第26話
『老いたお金持ち』
その昔、お釈迦さまが舎衛国(しゃえいこく)におられた時のことですが、その城内には年が八十にもなろうかという老いたる一人のお金持ちがいました。
彼は事業に成功して数知れないほどの財宝を持つようになったのですが、老いてもなお仕事に熱心でした。
さて、その彼が、ある時、やりがいのある大きな事業に取り組むこととなりました。
その最中にお釈迦さまが托鉢で老人の家をお訪ねになられたのですが、老人は忙しいのを理由にお釈迦さまと会いませんでした。
お釈迦さまの評判は老人も聞いており、気になってもいましたが、今の仕事に片が付いてからでも良いだろうと思っていたのです。

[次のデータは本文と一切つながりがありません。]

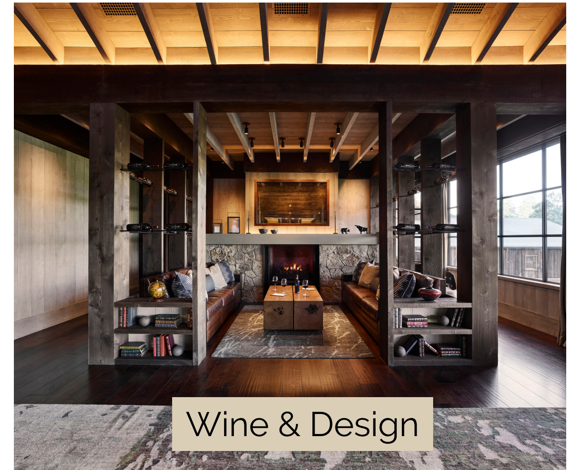
Wine & Design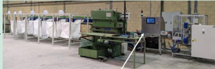
Multisensor module for sorting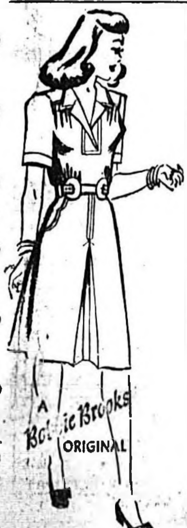
Bobbie Brooks ORIGINAL

Active interest in women's good music from different nations were given by the hostesses. (Continued on page 10.)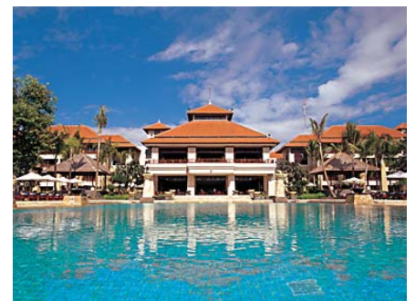
Conrad Bali Indonesia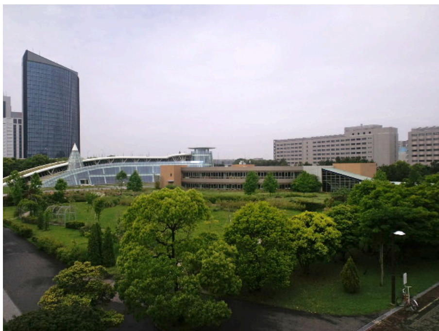
Library and Self-Access Learning Centre (SALC) at Kanda University of International Studies

Source: http://en.wikipedia.org/wiki/Kanda_University_of_International_Studies#mediaviewer/File:Kanda_University%27s_SALC_and_Library_Spring_2010.jpg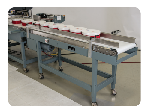
72" Product Separating Infeed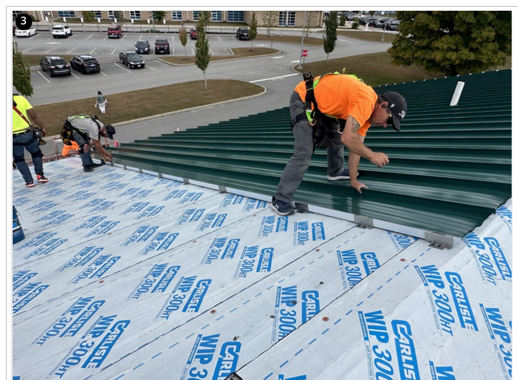
Field area- Clips spaced at 2'4" per spec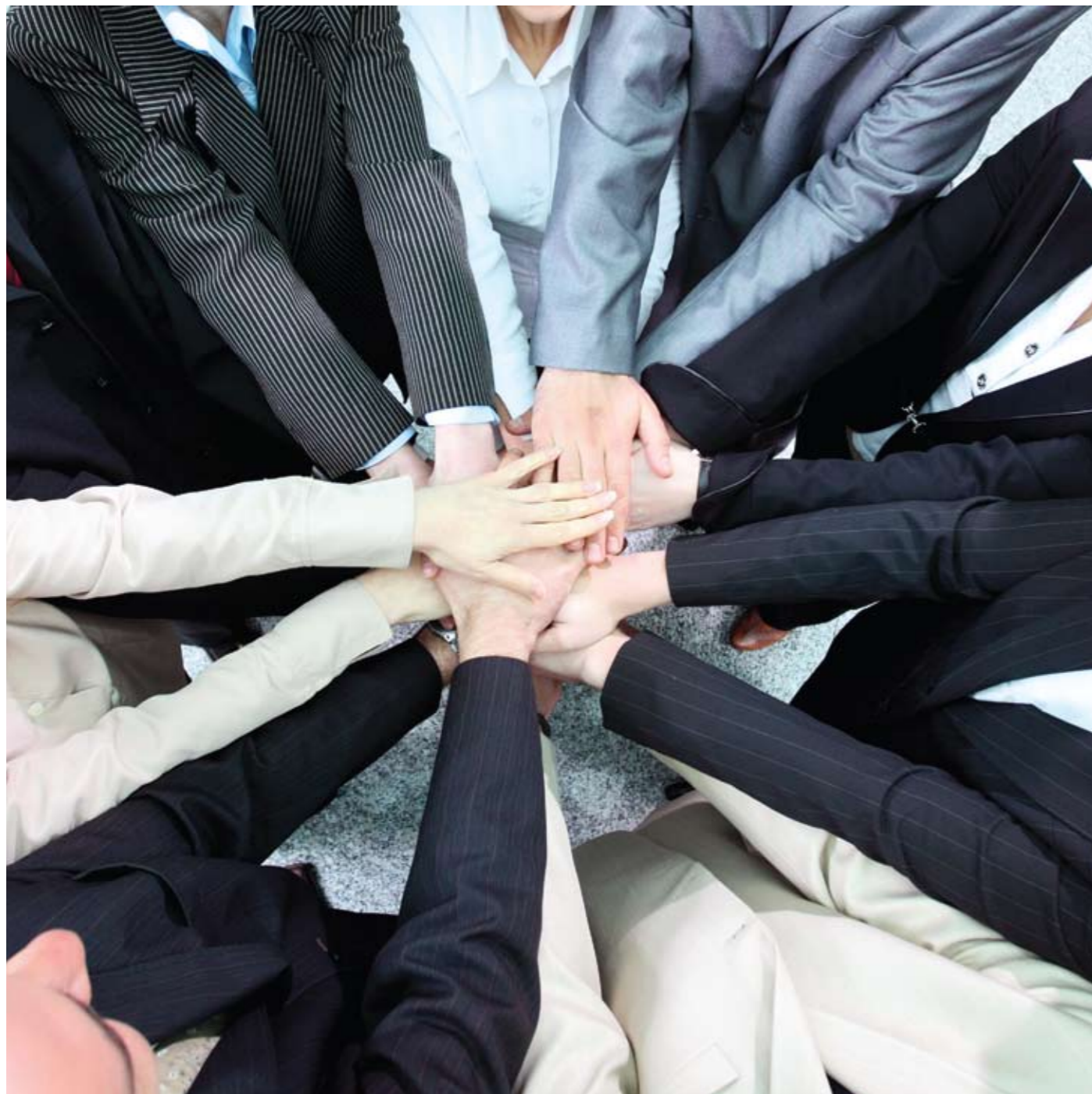
Rothmans, we're part of your team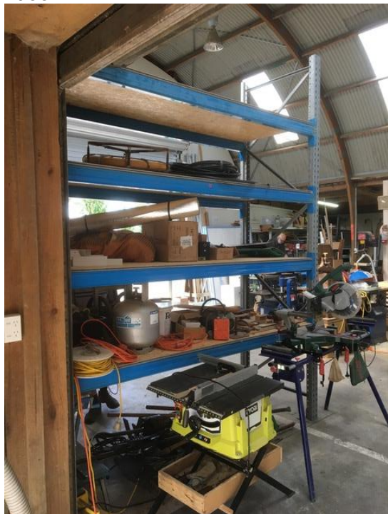
New shelving in place.

Alan and Mal have scored some great steel shelving and have already erected one unit adjacent to the East side roller door.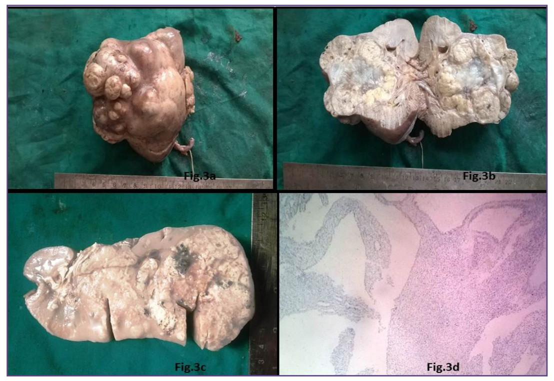
Fig 3: (a) Gross photograph-External surface showed enlarged kidney with bosselated surface and varying size nodules. (b)&(c) RCC- cut surface showed variegated appearance with areas of necrosis and hemorrhage.(d) Multicystic nephroma showed immunopositivity for Pax 8.(d).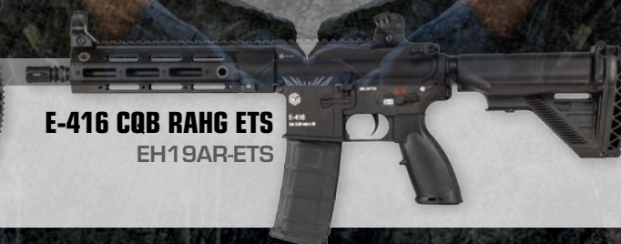
E-416 CQB RAHG ETS EH19AR-ETS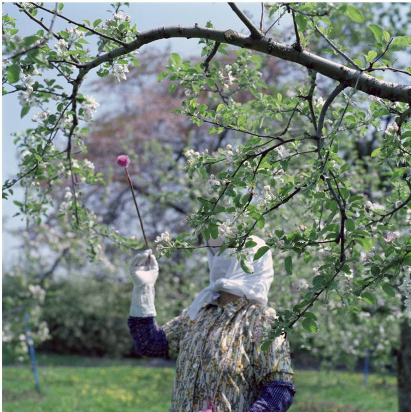
Hand Pollination #1 - Spring, Aomori Prefecture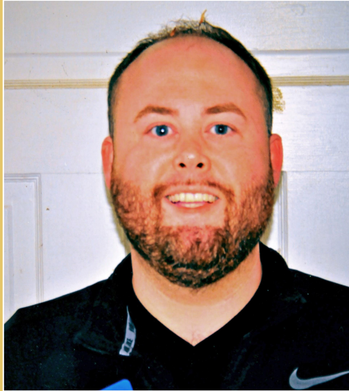
Slaying Mantis USA • Mid America, Kentucky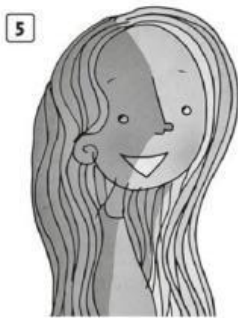
_____ hair colour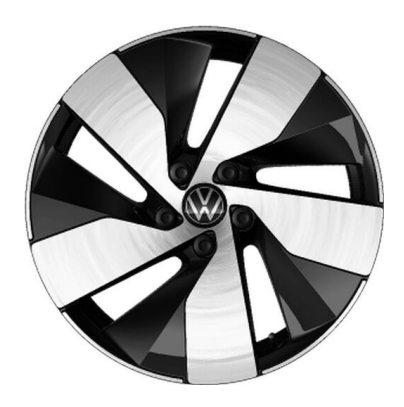
18" "Bologna", Black, Diamond Turned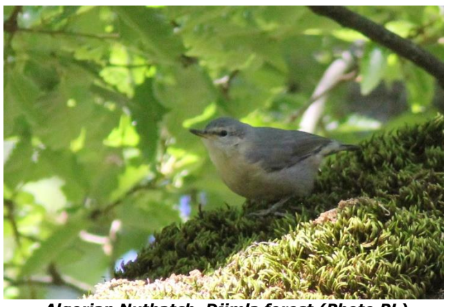
Algerian Nuthatch, Djimla forest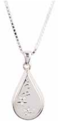
Etched Teardrop Price: $180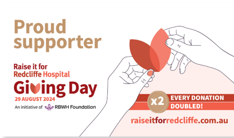
Graphic to use

Graphics to load to internal screens. Use graphics supplied or add your details to template in Canva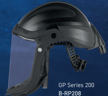
GP Series 200 B-RP208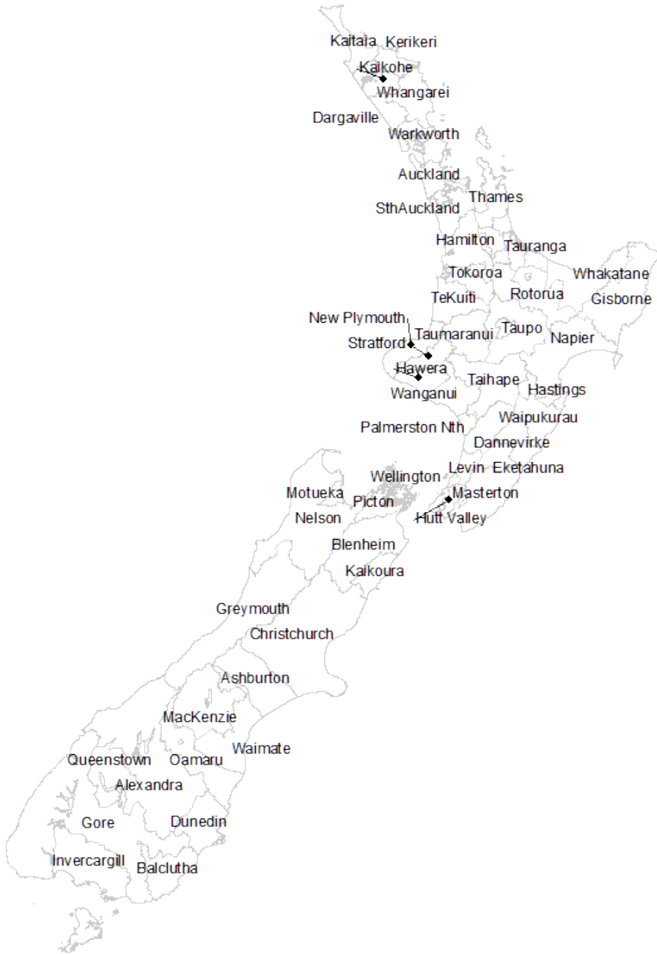
Figure 3. New Zealand Labour Market Areas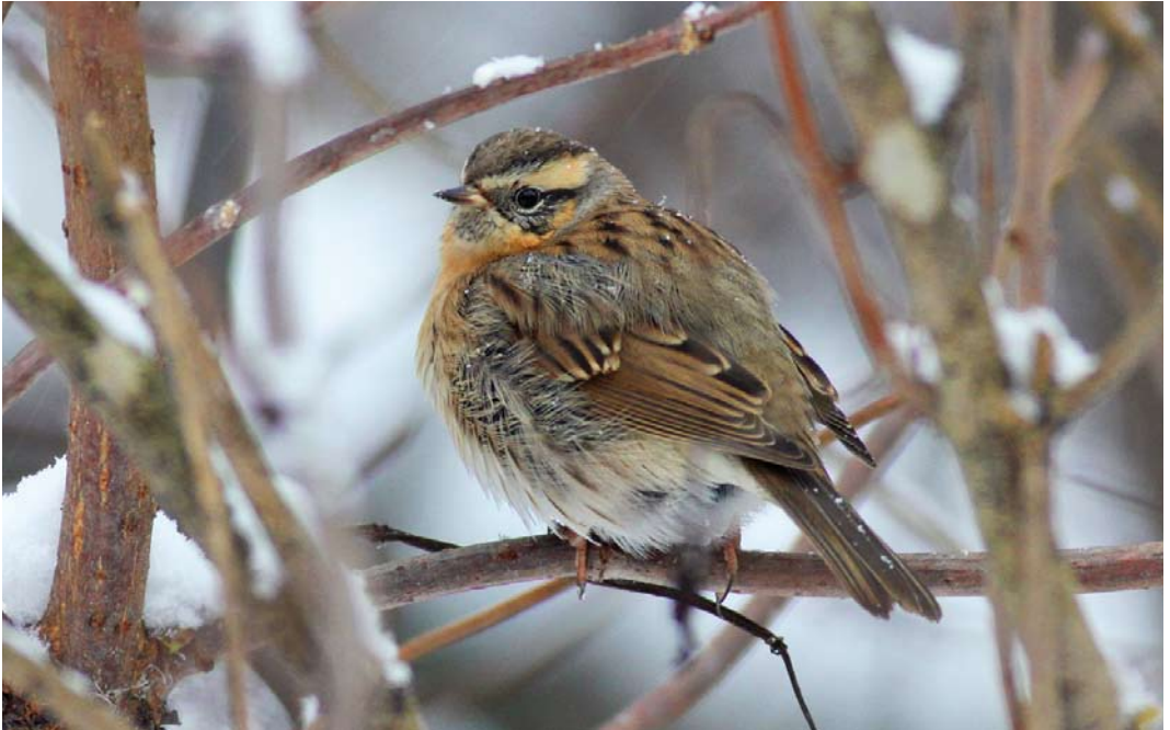
67 Black-throated Accentor / Zwartkeelheggenmus Prunella atrogularis Pori, Pihlava, Finland, 4 December 2010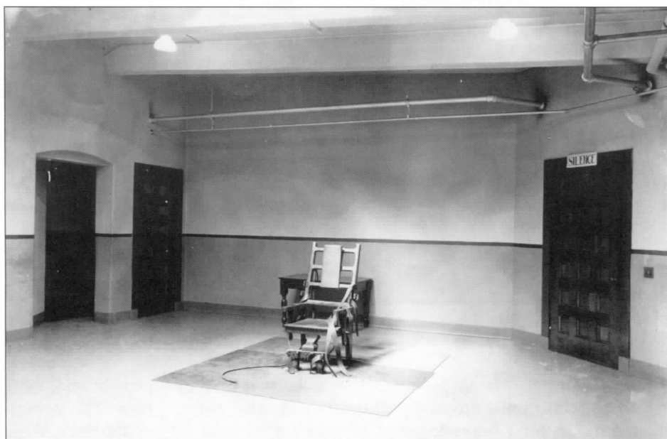
View of the execution chamber at Sing Sing. Behind the recessed door on the left was the station from which the state's executioner operated the controls.

meter, rheostat and switch. Attached to the back of the chair was the head electrode which was finally held in place by means of a spiral spring. The body electrode was attached to the lower part of the back of the chair in order to contact the hollow of the sacrum. The electrodes each consisted of a bell-shaped rubber cup about 4 inches in diame-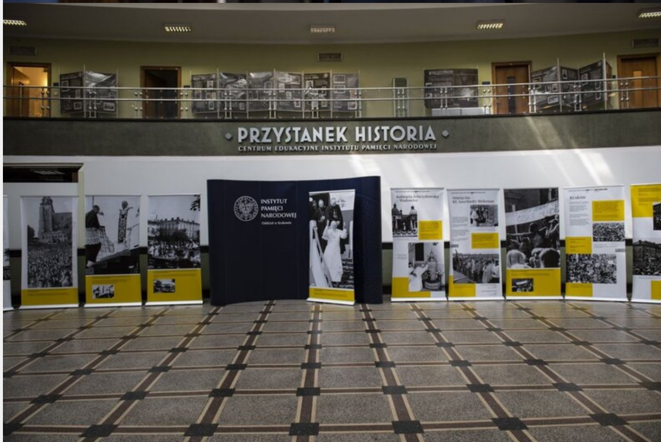
During the meeting, which was attended by the President of the IPN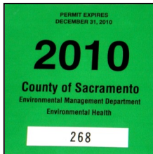
An Example of a Permit

A permitted mobile food vendor must comply with California Health and Safety Code requirements.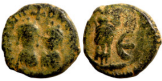
1328 Byzantine Empire coin 11mm 1,95g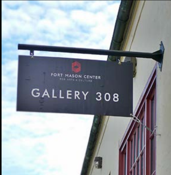
Building A blade sign

Building A residents can fabricate and install an external blade sign measuring 4' wide x 2' high. Signs can be designed by residents and submitted to FMCAC for approval. Content should be limited to name, logo and tagline.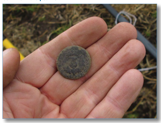
Coin from the pea field.

ところが、お釈迦さまが去られて間もなく、忙しそうに町中を移動していた老人は、工事中の家から吊り上げた棟が落ちたのに気付かず、それが頭を打って倒れました。
彼は自分が突然の死を迎えるとは夢にも思っておらず、生き死にについて考えることを後回しにしていたのを嘆き悲しみながら亡くなってしまいました。
明治時代の真宗大谷派の僧侶である清沢満之(きよざわまんし)師は「人事を尽くして天命を待つ」ではなく「天命に安んじて人事を尽くす」とおっしゃりましたが、安心(あんじん)があってこそ人は真に人事を尽くせるのかも知れません。